*WHAT IS REQUIRED*.
The records that follow are to be repeated exactly, with the pictures removed.

*** GIVEN INFORMATION Section Begins ***

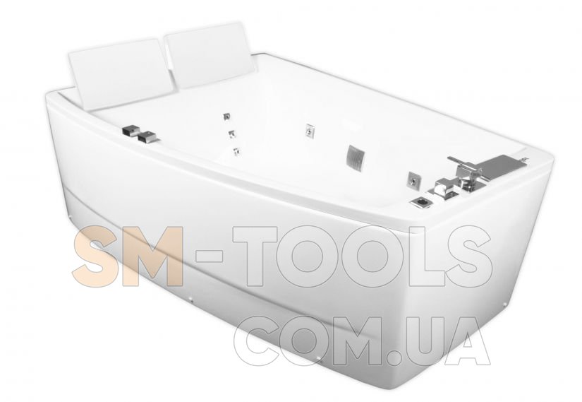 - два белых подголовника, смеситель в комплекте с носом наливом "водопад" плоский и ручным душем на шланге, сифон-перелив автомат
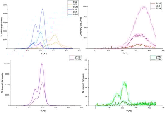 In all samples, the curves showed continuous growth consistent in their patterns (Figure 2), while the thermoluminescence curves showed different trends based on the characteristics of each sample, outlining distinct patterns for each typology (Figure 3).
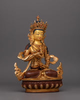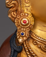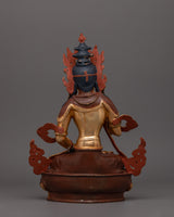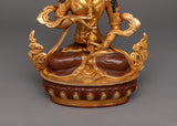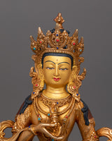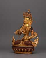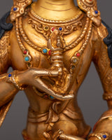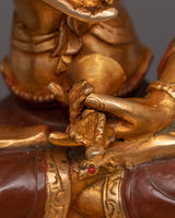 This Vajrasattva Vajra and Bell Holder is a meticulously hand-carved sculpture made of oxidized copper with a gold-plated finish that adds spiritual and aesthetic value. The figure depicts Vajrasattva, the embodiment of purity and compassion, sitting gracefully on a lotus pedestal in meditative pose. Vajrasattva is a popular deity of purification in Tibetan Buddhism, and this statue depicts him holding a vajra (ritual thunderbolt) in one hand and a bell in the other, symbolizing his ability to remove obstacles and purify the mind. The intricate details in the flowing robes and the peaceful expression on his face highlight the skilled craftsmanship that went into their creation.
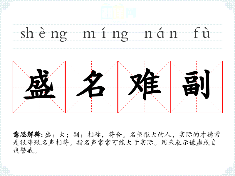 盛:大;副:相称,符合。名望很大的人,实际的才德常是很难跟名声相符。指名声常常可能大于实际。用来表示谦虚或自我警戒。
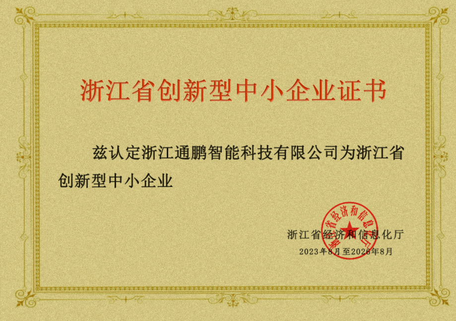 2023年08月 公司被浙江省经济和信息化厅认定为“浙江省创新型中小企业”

*** GIVEN INFORMATION Section Ends ***

*REPLY*.
 - два белых подголовника, смеситель в комплекте с носом наливом "водопад" плоский и ручным душем на шланге, сифон-перелив автомат
 In all samples, the curves showed continuous growth consistent in their patterns (Figure 2), while the thermoluminescence curves showed different trends based on the characteristics of each sample, outlining distinct patterns for each typology (Figure 3).
 This Vajrasattva Vajra and Bell Holder is a meticulously hand-carved sculpture made of oxidized copper with a gold-plated finish that adds spiritual and aesthetic value. The figure depicts Vajrasattva, the embodiment of purity and compassion, sitting gracefully on a lotus pedestal in meditative pose. Vajrasattva is a popular deity of purification in Tibetan Buddhism, and this statue depicts him holding a vajra (ritual thunderbolt) in one hand and a bell in the other, symbolizing his ability to remove obstacles and purify the mind. The intricate details in the flowing robes and the peaceful expression on his face highlight the skilled craftsmanship that went into their creation.
 盛:大;副:相称,符合。名望很大的人,实际的才德常是很难跟名声相符。指名声常常可能大于实际。用来表示谦虚或自我警戒。
 2023年08月 公司被浙江省经济和信息化厅认定为“浙江省创新型中小企业”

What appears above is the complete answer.